Глава 8 Квадратура круга

- Дерьмо! - Сказанное второй раз слово "дерьмо" было заглушено мощным громом, который потряс всю машину. Дождь и шум дождя вокруг нас усилились в тоже время, как гром стих, и я могла отчётливо чувствовать, что задние колёса внедорожника утопли ещё немного глубже в грязи.

И при следующей попытке Тома, высвободить машину, колёса забуксовали, и большие комки грязи забарабанили по стеклу. Но мы не сдвинулись вперёд не на один сантиметр.

Что же, значит, тогда умрём здесь, подумала я апатично. Я уже была убеждена в том, что умру от опьянения и в самолёте раздумывала о моём завещание, когда посреди Атлантического океана была объявлена турбулентность и слово "тряска" получило новую величину. Один раз даже подносы полетели в воздух, а женщина двумя рядами сзади, закричала, что мы все умрём.

Теперь значит, это был торнадо в Колорадо. Какая в этом была теперь разница? Я с самого отлёта не сказала ни одного слова, но тем больше размышляла. В очень маленьком кругу, в котором постоянно встречалось слово "сумасшедший". В каком бы направление я не думала - всегда кончалось тем, что один из нас станет сумасшедшим или же будет объявлен сумасшедшим.

Либо я наконец расскажу моим родителям или воспитателям правду и они отошлют меня не в лагерь, а в следующую подростковую психиатрию. Либо же я буду играть в эту игру здесь, и мои родители сойдут с ума. Потому что Леандер, в этом я была уверенна, остался там. Наверное, он уже удобно устроился на моей кровати, а мама найдёт завтра новые бумажки от мятных таблеток и крошки от печенья.

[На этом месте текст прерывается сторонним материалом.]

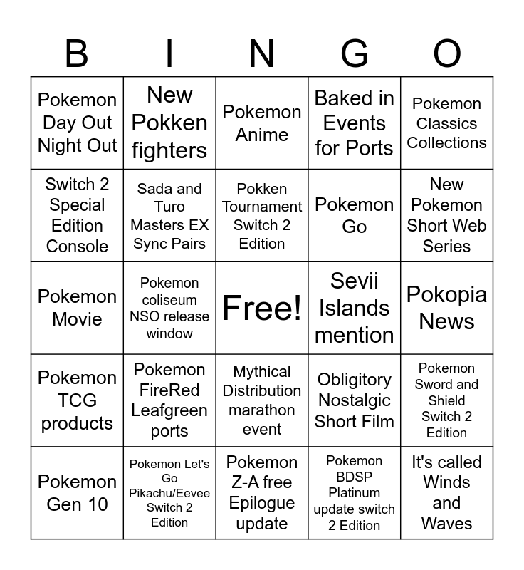 This bingo card has a free space and 24 words: Pokemon FireRed Leafgreen ports, Pokemon Let's Go Pikachu/Eevee Switch 2 Edition, Pokken Tournament Switch 2 Edition, Pokemon Gen 10, Pokemon Classics Collections, Pokemon Day Out Night Out, Switch 2 Special Edition Console, New Pokken fighters, Sevii Islands mention, Mythical Distribution marathon event, Pokemon Go, Pokemon Movie, Obligitory Nostalgic Short Film, Pokemon Sword and Shield Switch 2 Edition, Sada and Turo Masters EX Sync Pairs, Pokemon BDSP Platinum update switch 2 Edition, Pokopia News, Pokemon Anime, New Pokemon Short Web Series, Pokemon coliseum NSO release window, It's called Winds and Waves, Pokemon TCG products, Baked in Events for Ports and Pokemon Z-A free Epilogue update.

Так как мама уже и так находилась на краю пропасти, этого могло хватить, чтобы вызвать последний скверный толчок. Ах, почему либо - либо? От Леандера мы не отвяжемся. Так что вся семья Моргенрот окажется в дурдоме, а Леандер впредь будет, как призрак, творить в доме бесчинства.

Всё ведь прекрасно подходило: Привидение в бывшем доме гробовщика Моргенрот, чья вся семья одним махом и чрезвычайно таинственным образом потеряла рассудок. Как только журналисты, врачи и следователи засвидетельствуют бабушке Анни своё почтение, то мы сможем поприветствовать в клубе сумасшедших и четвёртую.

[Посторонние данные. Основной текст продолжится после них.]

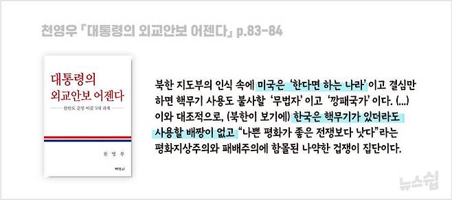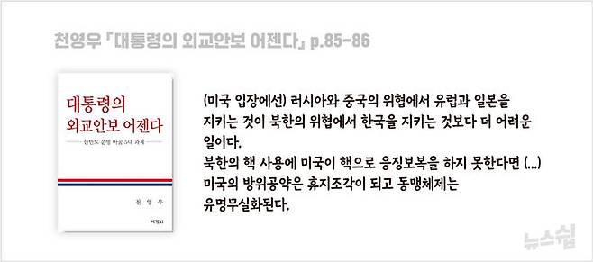천영우의 저서에도 뉘앙스는 좀 다르지만 비슷한 취지의 대목이 나온다. 그는 '미국이 한국을 지키기 위해 뉴욕이나 LA가 북한의 핵미사일 공격을 받을 위험을 감수할 수 없을 것'이라는 주장은 두 가지 잘못된 전제에 근거하고 있다고 지적한다. 첫 번째 잘못된 전제는, 미국의 동맹국이 한국밖에 없다는 전제다. 미국에겐 한국보다는 나토(NATO) 회원국들과 일본이 더 중요한 동맹국이라면서 그는 다음과 같이 썼다. 한국을 핵우산으로 보호하지 못하면 미국의 안전 보장 약속에 대한 전 세계의 신뢰가 무너진다는 것이다.

Потому что тогда больше никто не будет сомневаться в том, что безумие в нашей семье это традиция. Ну да ладно, я всё это больше не увижу, потому что мы здесь с Томом, нашим водителем, застряли в тёмном нигде, а земля под нами скоро поглотит машину, если ещё до этого нас не швырнёт в воздух торнадо. Было так темно, что я ничего не видела через намоченные дождём стёкла. Я не имела представления, где мы были, я даже не знала, где именно находился Колорадо.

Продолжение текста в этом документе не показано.